- Mark as New
- Bookmark
- Subscribe
- Mute
- Subscribe to RSS Feed
- Permalink
- Report Inappropriate Content
In Intel® Parallel Studio XE 2016 Update 4, I am declaring an array of complex numbers and allocate and initialize this array as:
complex(kind=def_kind), allocatable, dimension(:) :: resid allocate(resid(1:140000),STAT=istatus) resid = cmplx(0.1D0,1.0D0,kind=def_kind)

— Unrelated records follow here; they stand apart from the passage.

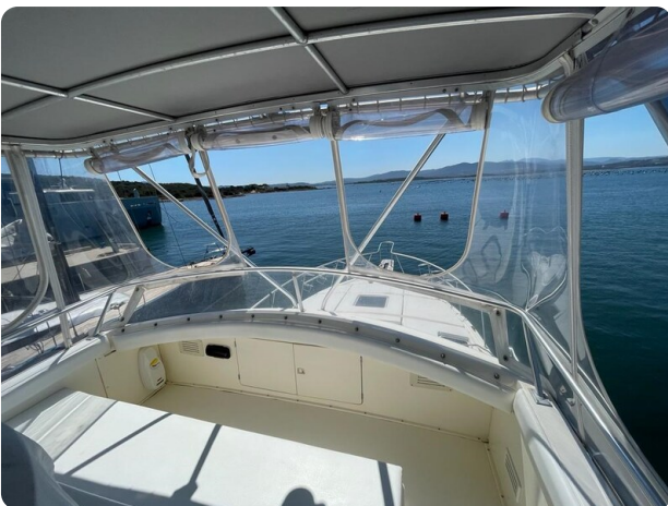
Bertram 43 conv fly 1
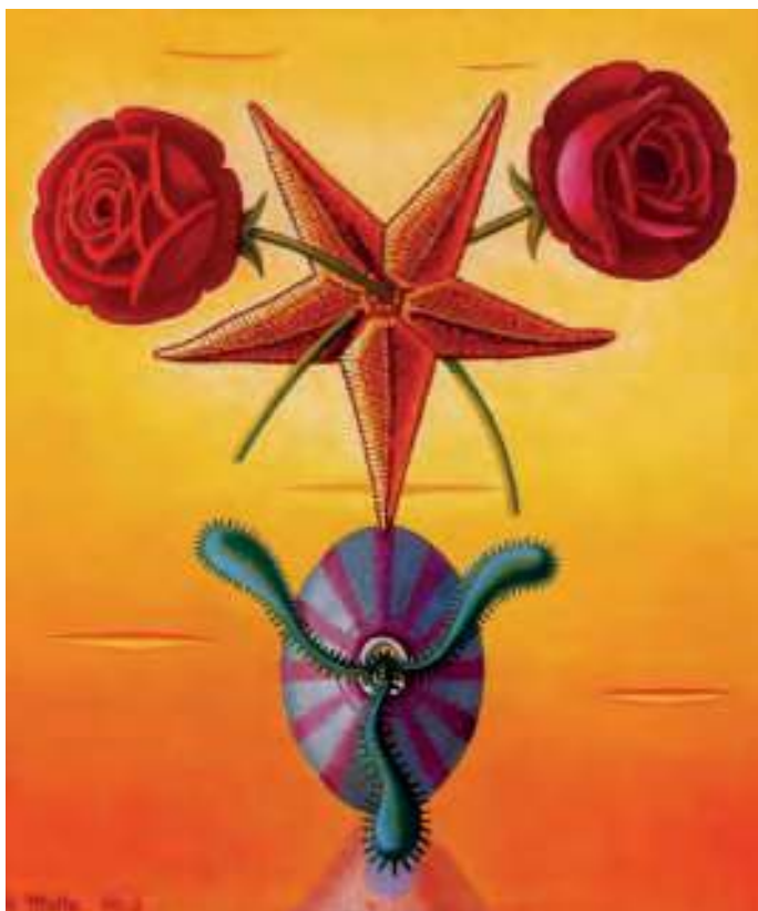
Natureza viva. 1943

Dado que seu pai, madrileño, era oficial de alfándega e andaba de destino en destino escalafón arriba, Maruja naceu casualmente no Viveiro cantábrico e pasou a infancia (1904-1912) cuns seus tíos (Ramiro Lorenzo e Juliana Lastres Carrera) entre a ría de Corcubión, o monte Pindo e o mar do Orzán coruñés. Os mares e rías de Galiza deixaron, pois, unha primeira imprompta de beleza e grandiosidade no seu espírito tan sensíbel como inquedo.
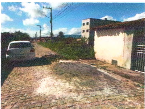
RUA ARIVALDO ALVES CORREIA
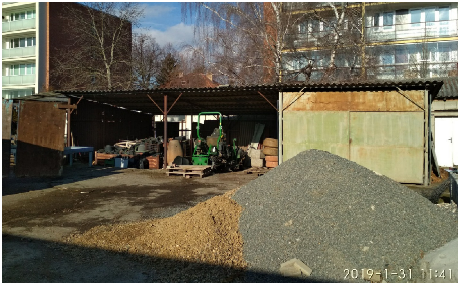
- CELKOVÝ POHLED Z JIHU
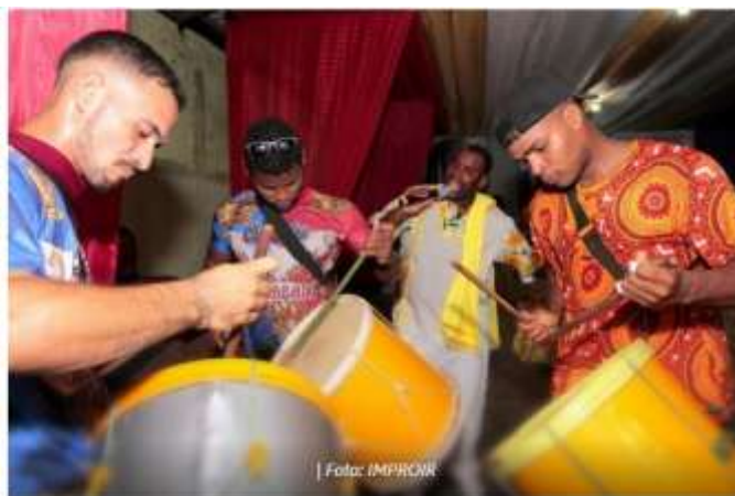
Encontros de valorização cultural ocorreram dentro dos Ciclos do Marabaixo | Foto: IMPROIR

Disponível em: macapa.ap.gov.br . Acesso em: 18 dez. 2025.
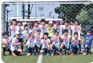
JJC Junior Soccer Club
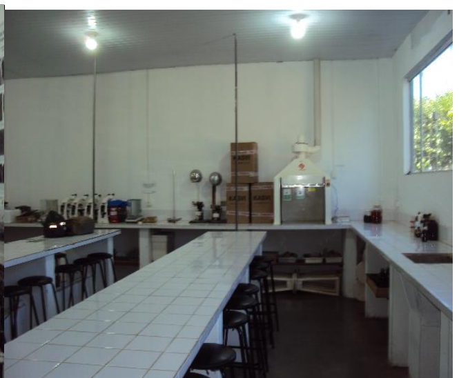
Laboratório de Silvicultura

After executing initialization line, I get a stack overflow error, which is really puzzling me. Reviewing generated assembly shows that compiler seems to be checking array bounds not to exceed stack size, which is not reasonable considering that "resid" is declared as allocatable and it should be on heap. So, I recompiled the very same code with Intel® Parallel Studio XE 2016 Update 1 and generated assembly code is totally different and I don't get stack overflow there.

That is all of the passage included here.